- Task description: Where a picture shows up in the listing below, omit it and output the rest exactly.
Data extract: Begin
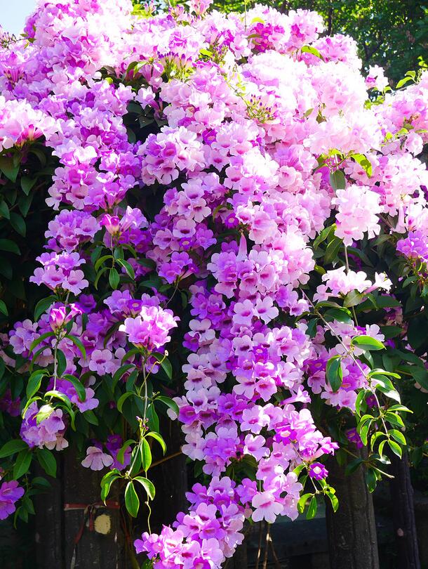 别称:紫铃藤、张氏紫葳,紫葳科蒜香藤属常绿攀缘灌木,植株蔓性,具卷须,叶为二出复叶,深绿色椭圆形,具光泽。花腋生,聚伞花序,花冠筒状,开口五裂。花期春季至秋季,盛花期8-12月。其花、叶在搓揉之后,有大蒜的气味,因此得名蒜香藤。蒜香藤盛开时,碧绿的叶丛间大朵大朵的紫、白色花朵成团簇生,如瀑布般串生在柔软下垂的枝条上,仿佛垂挂着的串串彩球,绚丽烂漫,令人心醉。园林用途适合花廊、花架、篱墙或荫棚美化。
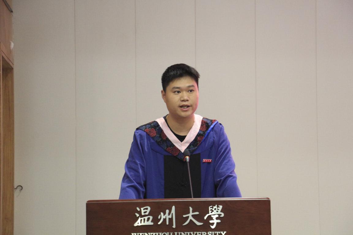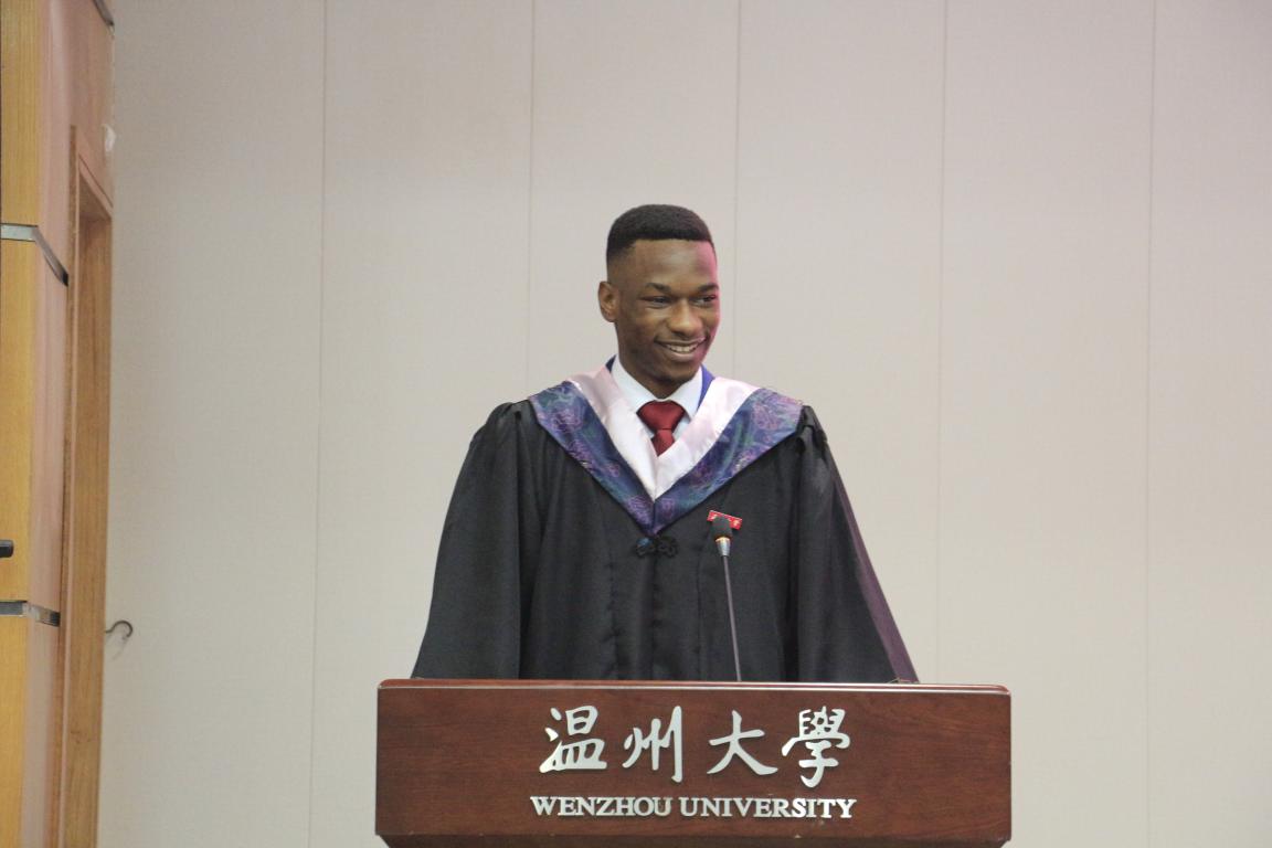 本科生毕业生代表陈倩倩、研究生毕业生代表钱伟、留学生毕业生代表Mungofa Tichaona Stanley依次发言,他们诚恳激昂,饱满生动,分享各自的青春故事,感恩母校的谆谆教诲,表达对母校的深深留恋和对美好前程的向往期待。
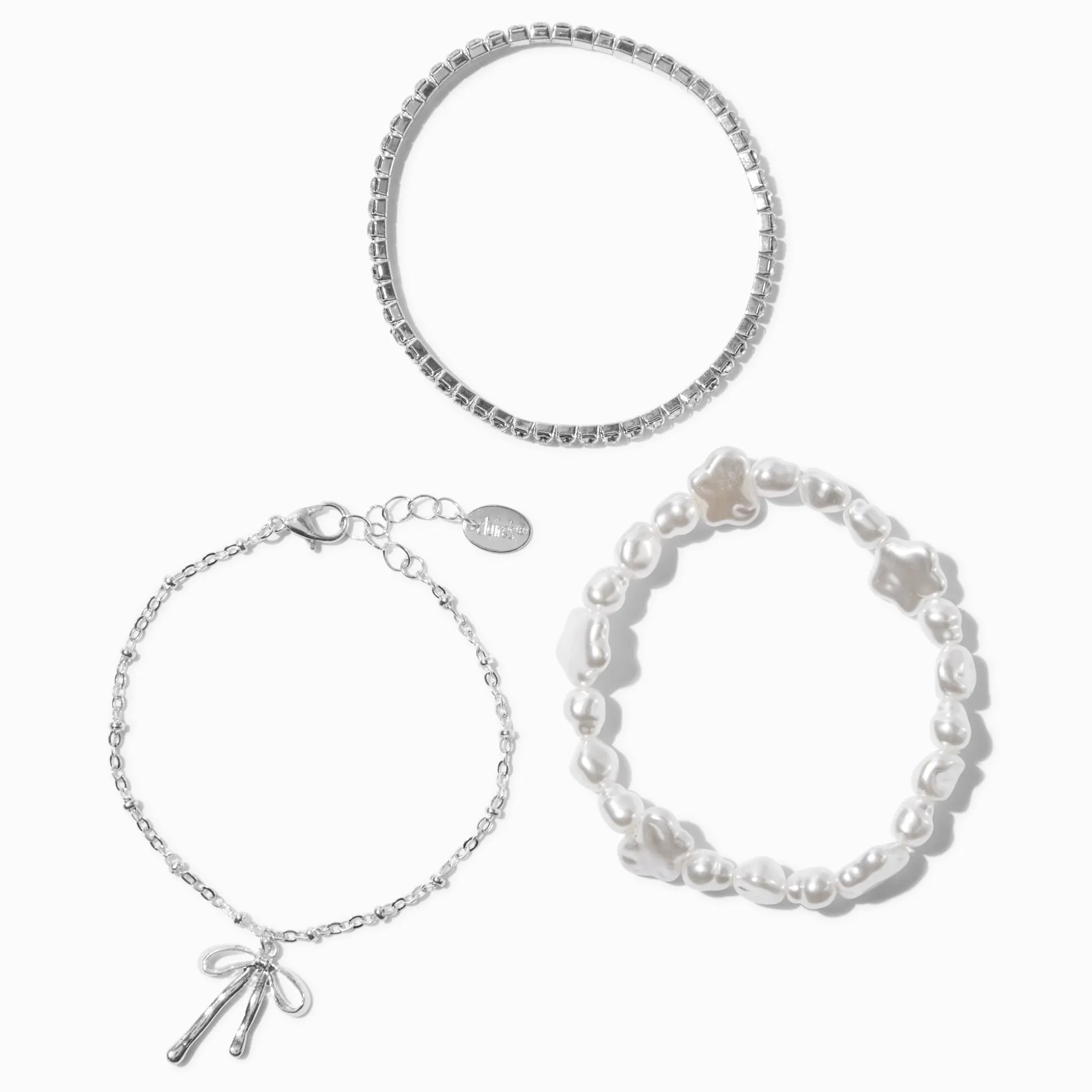 Create a bracelet stack on your wrist with this easy three-pack set. The silver-tone bracelets include a stretch cup chain bracelet, faux pearl stretch bracelet with faux pearl butterflies, and a silver-tone chain bracelet with a bow charm.
Data extract: End
- Exercise result:
 别称:紫铃藤、张氏紫葳,紫葳科蒜香藤属常绿攀缘灌木,植株蔓性,具卷须,叶为二出复叶,深绿色椭圆形,具光泽。花腋生,聚伞花序,花冠筒状,开口五裂。花期春季至秋季,盛花期8-12月。其花、叶在搓揉之后,有大蒜的气味,因此得名蒜香藤。蒜香藤盛开时,碧绿的叶丛间大朵大朵的紫、白色花朵成团簇生,如瀑布般串生在柔软下垂的枝条上,仿佛垂挂着的串串彩球,绚丽烂漫,令人心醉。园林用途适合花廊、花架、篱墙或荫棚美化。
 本科生毕业生代表陈倩倩、研究生毕业生代表钱伟、留学生毕业生代表Mungofa Tichaona Stanley依次发言,他们诚恳激昂,饱满生动,分享各自的青春故事,感恩母校的谆谆教诲,表达对母校的深深留恋和对美好前程的向往期待。
 Create a bracelet stack on your wrist with this easy three-pack set. The silver-tone bracelets include a stretch cup chain bracelet, faux pearl stretch bracelet with faux pearl butterflies, and a silver-tone chain bracelet with a bow charm.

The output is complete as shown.